Then I was torn loose again.
As sudden as blinking, I was back in Soldier’s Boy’s body. This time, the wall he had held between us was gone. I was once more a party to his thoughts and emotions. It was like being plunged into a hurricane. Anger, despair, humiliation, and defeat battered him and thus me. The strength of his emotions was such that it was some time before I became aware of my physical surroundings.

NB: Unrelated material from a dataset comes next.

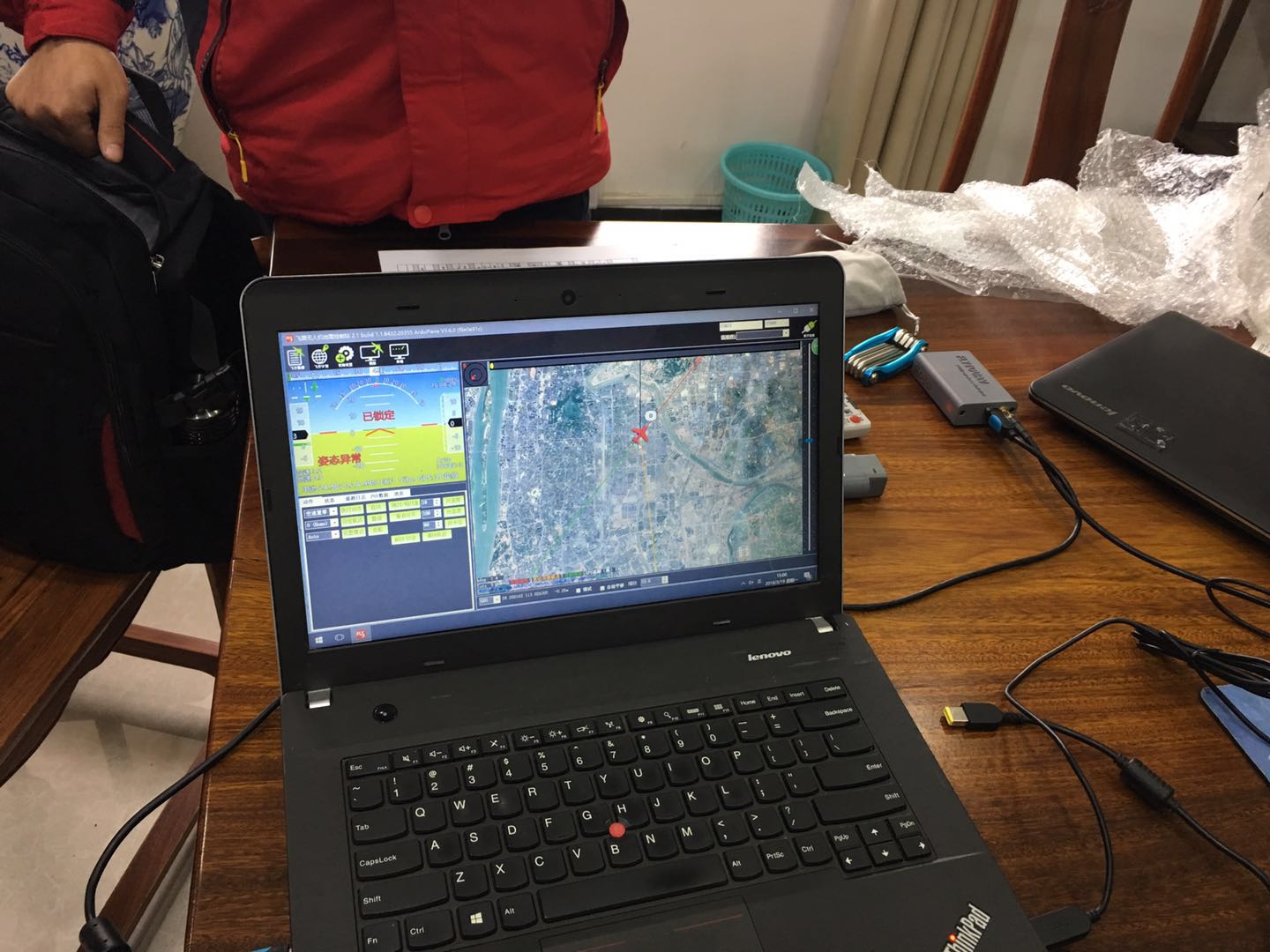 公司技術(shù)人員到達(dá)會議地點后,首先對無人機平臺、地面控制站、差分模塊等設(shè)備進行現(xiàn)場調(diào)試和檢校。

Night was full around us and chill. Dew had settled on his skin. Those cold drops contrasted harshly with the hot tears that flowed down his face. He curled forward over his belly and put his face in his hands and wept like a scolded child. I thought he had seen what the magic had done to my father, and felt as horrified by it as I had. There was a strange comfort for me in that he wept. If I’d had the body under my control, I’d have done the same. “It wasn’t really him, doing that to me,” I told myself hesitantly. “The magic had to tear all support away from me, to make me come to where it wanted me to be. I don’t have to blame him. I don’t have to hate him.”

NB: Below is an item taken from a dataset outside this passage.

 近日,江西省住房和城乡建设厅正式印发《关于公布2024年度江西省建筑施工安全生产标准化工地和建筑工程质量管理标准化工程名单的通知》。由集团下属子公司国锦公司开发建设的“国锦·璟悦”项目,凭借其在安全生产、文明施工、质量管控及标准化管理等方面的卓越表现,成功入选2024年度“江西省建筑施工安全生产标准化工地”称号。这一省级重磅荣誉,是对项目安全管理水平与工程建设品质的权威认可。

“I knew that!” Soldier’s Boy spoke disdainfully. “I never hated him or blamed him. I could see that much clearly; I’m surprised that you could not.”

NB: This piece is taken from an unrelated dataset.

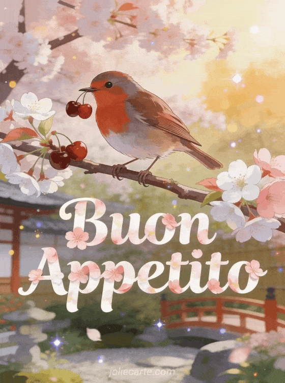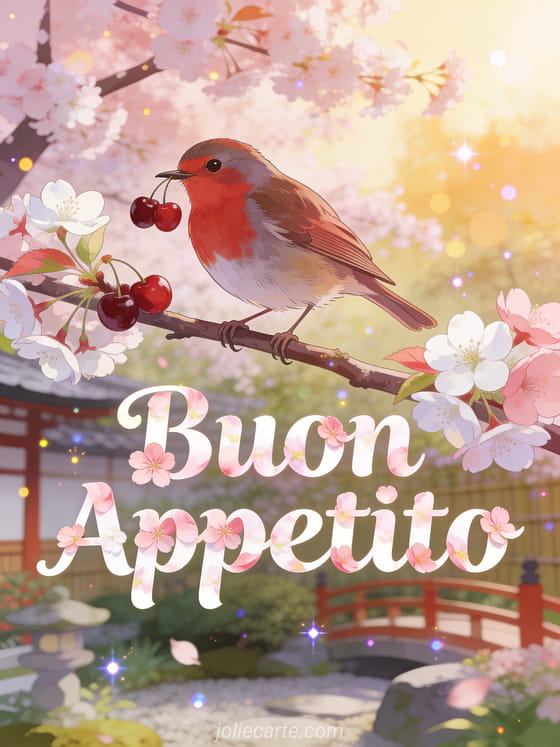 Invia un fresco buon appetito con una bella atmosfera primaverile. Scopri anche un buon appetito divertente, un buon appetito con umorismo o un buon appetito simpatico.

“Then what is it?” I asked at last, unwillingly. The harshness of whatever assailed him made me pity him; I felt sorry for myself in a way I never had before. No man should be as pitifully miserable as he was. He did not immediately answer me. His sorrow choked him. A very long time seemed to pass. The wind blew in the branches overhead. In the distance, I heard someone call into the night, “Great One, where are you?” Someone called something else in reply. Soldier’s Boy made no response. His harsh breathing filled my ears as he got his sobs under control. I waited.
After a time, he sat up slowly. “We’ve failed her,” he said quietly. “Yesterday the workers came again to the road’s end. They have begun to clear away the winter debris and repair the last of the damage you did. Soon enough, the axes and saws will begin to bite their way through the ancient forest. The workers are no longer drugged. You know the best way to combat fear, Nevare? With hatred. I woke hatred in the intruders, and their hatred of us is now stronger than Kinrove’s fear spell. They will chew through the trees like worker ants. They will cut our forest and drive straight into the mountains and beyond. They are resolved to find us, and when they do, they intend to kill us all.”
“Just as you intended to do to them,” I reminded him.
“Yes.” He took a deep breath and sat up, squaring his shoulders. “Yes.”
CHAPTER TWENTY-FOUR
RESOLUTIONS
It was dark and Soldier’s Boy felt stiff from sitting on the cold rock by the stream. It took him some time to lever himself to his feet, and then he groaned as he straightened his back. He kneaded the earth with his feet as if he were a cat, trying to limber up his reluctant body. He walked for a short way, seeing the trees only as blacker pillars in a less dense darkness. We could see where the village was; a dim glow came from the lighted windows on the hillside above us, but it was not sufficient to light the path. Blundering haplessly, he soaked his feet twice before he found the bridge and crossed the stream.
At the bottom of the hill, he suddenly felt overwhelmed by dark, cold, and sorrow. He remembered his feeders calling for him earlier, and wished he had responded. He wanted to call for someone to come with a lantern and guide him home, and then despised himself for even thinking of it. He forced himself to trudge up the hill. In the dark, he could not find the trodden path. Twice he stumbled, and once he went to his knees. He staggered back to his feet, his teeth clenched on his silence.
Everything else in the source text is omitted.